In "Occulation," Voyager Two tells us, "-my girlhood / is the only thing that has ever belong to me." Her repeated claiming of femininity signals a new way of understanding gendered identification. Her girlhood differentiates her from the cold data that produced her, but also makes her vulnerable to isolation and to gendered violence, as she finds herself "naked" in the absence of atmosphere. Voyager Two's engagements with the mythic women who fell victim to sexual assault by Jupiter/Zeus inform her understanding of femininity. Referencing the moons of Jupiter, which are named for the god's rape victims, she realizes that some girls' names "are cursed with god's / attentions—their rough touches / and channeling rage." These lines call attention to the violence against women underlying both familiar mythology and scientific discovery and suggest the disturbing possibility that space travel will enable humans to export their own deeply ingrained misogyny to new parts of the universe. They refer, as well, to the space probe herself, the "Memory ghost. Incandescent transmitter" who carries human desire in her inhuman body. The metaphor of seeking selfhood when one has been programmed with others' desires has implications for all women, robotic and otherwise.
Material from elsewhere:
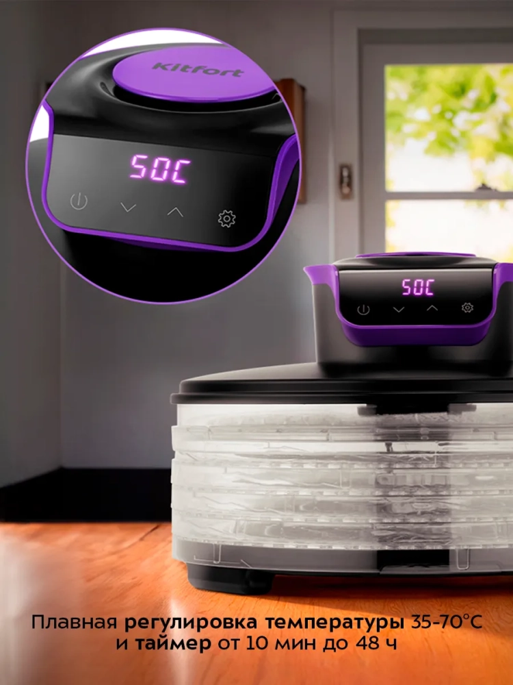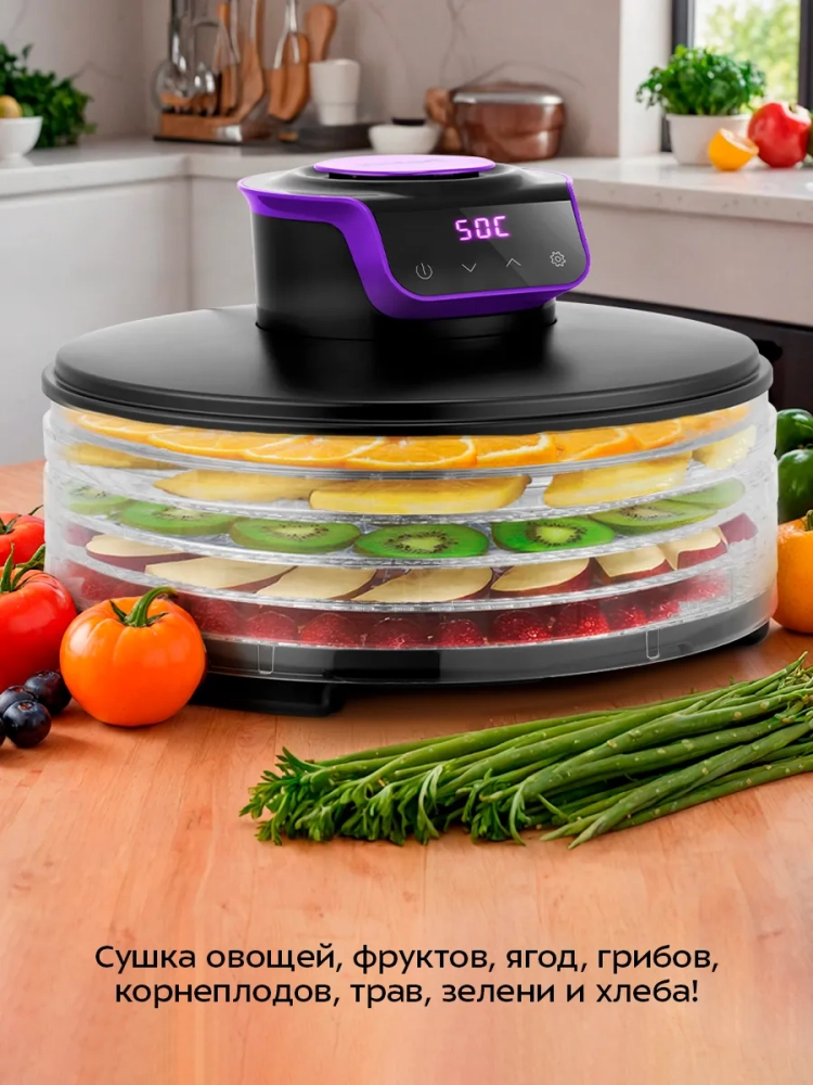 Электрическая сушилка для овощей и фруктов Kitfort КТ-1996 предназначена для сушки овощей, фруктов, ягод, грибов, корнеплодов, трав и зелени, а также хлеба.
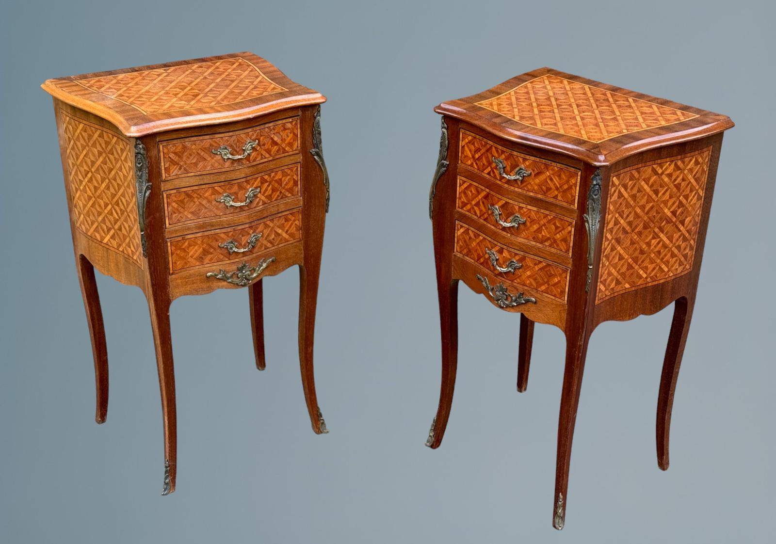 Pair of French Mahogany & Parquetry Inlaid Bedside Chests

Many of the poems in this collection allude to gendered labor, imagining the burden of being a spacecraft designed to carry a sampling of human emotions. In "Feeling Underappreciated, Voyager Two Imagines Herself as Miss Piggy," Bergamino writes:
My ship is as brutal as a body, my body
a ship. Even pigs in space are wrapped
in purple and lace, eager to explodebeneath the invisible sky of women's work.
But when it's time to play the music, time
to light the lights, it isn't enough to practicewoman, you have to learn the famous parts:
Cleopatra, Marie Antoinette, Princess Leia.
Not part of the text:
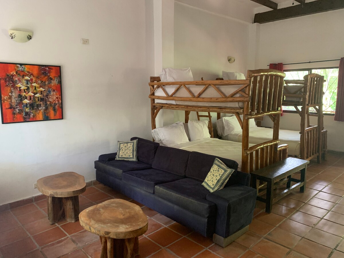 Garsonjera je pritlično stanovanje, ki se nahaja na 4 hektarjih zemljišča z nedotaknjenim deževnim gozdom. Stanovanje je prostorno s popolnoma opremljeno kuhinjo in veliko zunanjo jedilnico z žarom in pogledom na džunglo. Prostor je idealen za družine in skupine prijateljev. 8 minut hoje od čudovite črno-bele peščene plaže z naravno senco. Izjemno varna soseska.

Alluding to The Muppets' "Pigs in Space," these beautifully crafted lines express frustration at the seeming inescapability of gender norms, even after leaving the planet. Conceiving of her body as a vessel, she thinks of the ways femininity is always a vessel, a container for the amalgamation of figures from myth, history, and pop culture that constitute the expectation of gender performance. The concluding line, "All strange, terrible events are welcome," which quotes Cleopatra, suggests the probe's desire to defy earthly definitions of gender as she summons catastrophic change. In "At Neptune, Voyager Two Meditates on Emotional Labor," the spacecraft, while capturing the first ever photographs of Neptune's moon Triton, describes "longing to be as inhospitable—" as her target. The Voyager, in Bergamino's vision, has the unique perspective of being able to survive in spaces where a human would perish, while containing the emotional depth of a human. In this poem, she longs for the masculine quality of inhospitability, to be free from the unique emotional work she is tasked with.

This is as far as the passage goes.